## PROMPT
Copy the material below verbatim from the line with "Festive Christmas add" to the line with "PERMIKUL-C Lotion is", both lines included, omitting pictures and every line outside that range.

## DATA LISTING
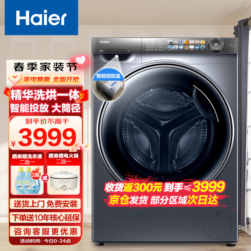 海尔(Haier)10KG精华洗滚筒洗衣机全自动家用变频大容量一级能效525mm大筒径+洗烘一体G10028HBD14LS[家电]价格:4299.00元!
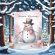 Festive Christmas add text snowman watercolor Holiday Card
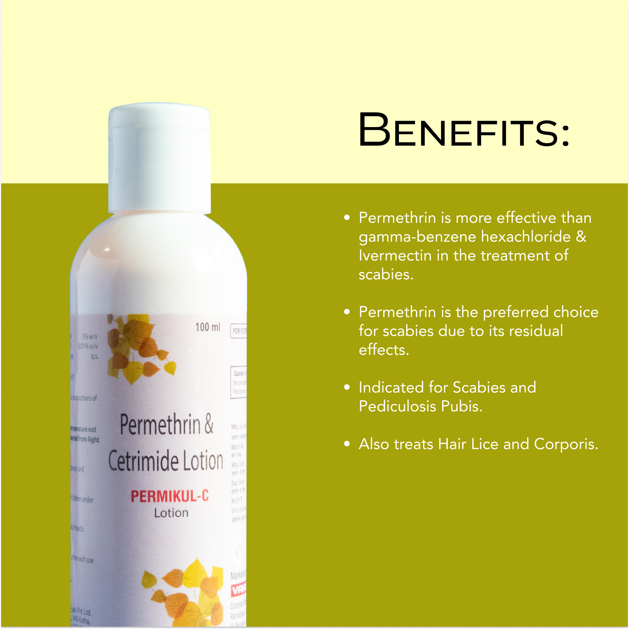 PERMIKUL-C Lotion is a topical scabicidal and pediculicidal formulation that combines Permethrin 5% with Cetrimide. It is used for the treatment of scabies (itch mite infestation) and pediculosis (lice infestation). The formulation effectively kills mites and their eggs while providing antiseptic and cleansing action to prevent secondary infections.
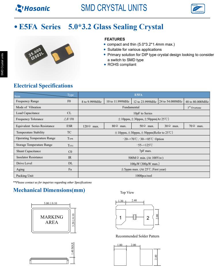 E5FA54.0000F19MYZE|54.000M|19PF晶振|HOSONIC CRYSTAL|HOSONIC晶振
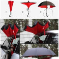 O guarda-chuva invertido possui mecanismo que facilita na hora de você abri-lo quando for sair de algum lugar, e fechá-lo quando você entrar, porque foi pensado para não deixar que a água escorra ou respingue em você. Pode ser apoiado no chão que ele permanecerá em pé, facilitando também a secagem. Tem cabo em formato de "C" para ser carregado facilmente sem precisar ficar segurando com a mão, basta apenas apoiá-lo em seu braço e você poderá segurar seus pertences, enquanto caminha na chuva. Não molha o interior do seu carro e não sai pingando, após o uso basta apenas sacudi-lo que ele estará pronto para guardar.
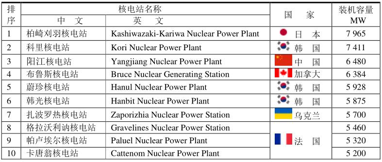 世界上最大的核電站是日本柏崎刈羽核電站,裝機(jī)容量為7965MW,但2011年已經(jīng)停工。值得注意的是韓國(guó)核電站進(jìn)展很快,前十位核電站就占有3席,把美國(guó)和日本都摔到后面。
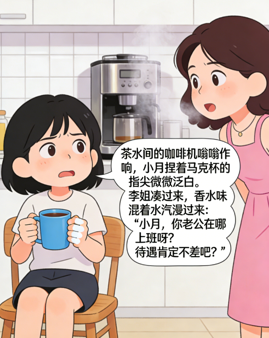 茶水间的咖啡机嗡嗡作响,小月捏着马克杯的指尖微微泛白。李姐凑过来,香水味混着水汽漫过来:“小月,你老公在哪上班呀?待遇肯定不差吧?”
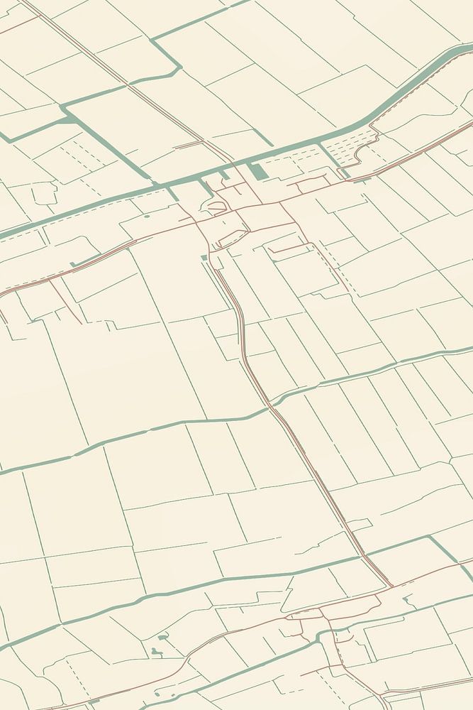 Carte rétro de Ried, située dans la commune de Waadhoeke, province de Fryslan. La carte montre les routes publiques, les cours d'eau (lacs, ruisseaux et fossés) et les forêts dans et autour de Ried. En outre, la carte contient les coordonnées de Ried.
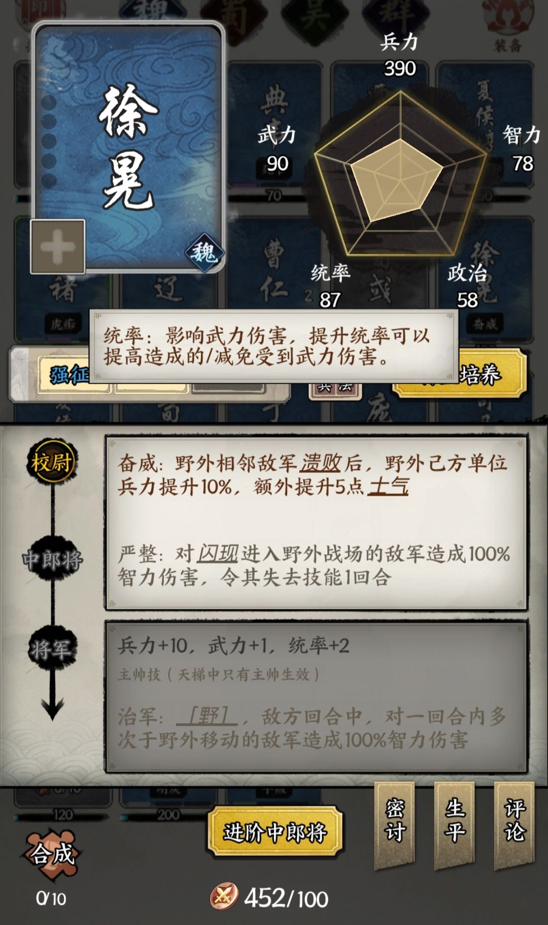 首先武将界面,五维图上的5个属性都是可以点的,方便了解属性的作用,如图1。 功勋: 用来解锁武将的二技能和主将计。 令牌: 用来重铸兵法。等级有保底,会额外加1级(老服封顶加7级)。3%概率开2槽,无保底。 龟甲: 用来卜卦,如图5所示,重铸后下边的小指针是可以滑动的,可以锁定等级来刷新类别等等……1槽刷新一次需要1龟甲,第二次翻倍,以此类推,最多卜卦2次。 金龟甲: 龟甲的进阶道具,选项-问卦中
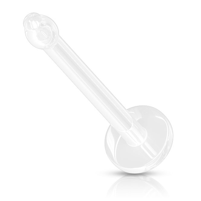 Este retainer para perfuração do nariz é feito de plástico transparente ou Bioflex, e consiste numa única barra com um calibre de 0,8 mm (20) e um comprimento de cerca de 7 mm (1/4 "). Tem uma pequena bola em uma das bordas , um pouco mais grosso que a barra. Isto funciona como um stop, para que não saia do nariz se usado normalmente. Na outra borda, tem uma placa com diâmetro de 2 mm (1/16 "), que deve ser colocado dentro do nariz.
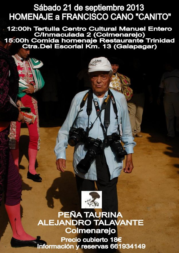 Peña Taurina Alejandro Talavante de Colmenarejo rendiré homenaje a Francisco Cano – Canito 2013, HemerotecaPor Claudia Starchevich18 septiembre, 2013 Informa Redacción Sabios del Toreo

## WRITTEN SOLUTION
 Festive Christmas add text snowman watercolor Holiday Card
 PERMIKUL-C Lotion is a topical scabicidal and pediculicidal formulation that combines Permethrin 5% with Cetrimide. It is used for the treatment of scabies (itch mite infestation) and pediculosis (lice infestation). The formulation effectively kills mites and their eggs while providing antiseptic and cleansing action to prevent secondary infections.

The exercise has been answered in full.